But, in the first blog I ever wrote here Ten Reasons Labour Lost , the very first reason I gave was that Labour had nothing relevant to say about why we should be running, particularly, the Scottish Parliament. Johann's speech on Tuesday was finally an attempt to start answering that question.

For too long our whole appeal to the electorate as to why they should choose us to govern at Holyrood has been that "If it's not us, it will be the SNP" and that's been it. It's not much of an argument and indeed it has had a steadily declining echo of support.

It has however been largely reciprocated by our principal opponents: "Vote for us and nothing much will change". That sentence used to go on "until we get Independence" but increasingly it appears to finish: "even if we get Independence!"

The problem is that things are changing whether either the Labour Party of the SNP like that fact.

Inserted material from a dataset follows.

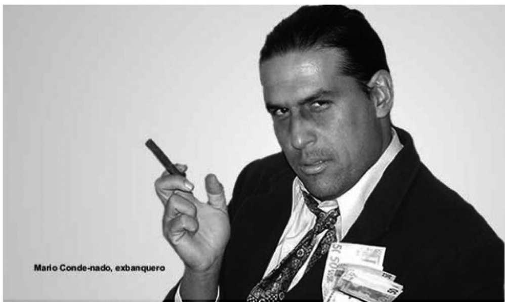
Mario Conde-nado, exbanquero

We have a crisis in the public finances. For what its worth that originally at least was undoubtedly the fault of the Labour Party. Not because our pre-crash levels of public expenditure were unsustainable; indeed pre-crash, the Tories were committed to matching them, but because the crash was caused by our failure, as the governing Party, to properly regulate the banks. It is no excuse that our principal opponents, both in Scotland and Britain, actually complained at the time that the banks were over-regulated. We were in power and we cocked up.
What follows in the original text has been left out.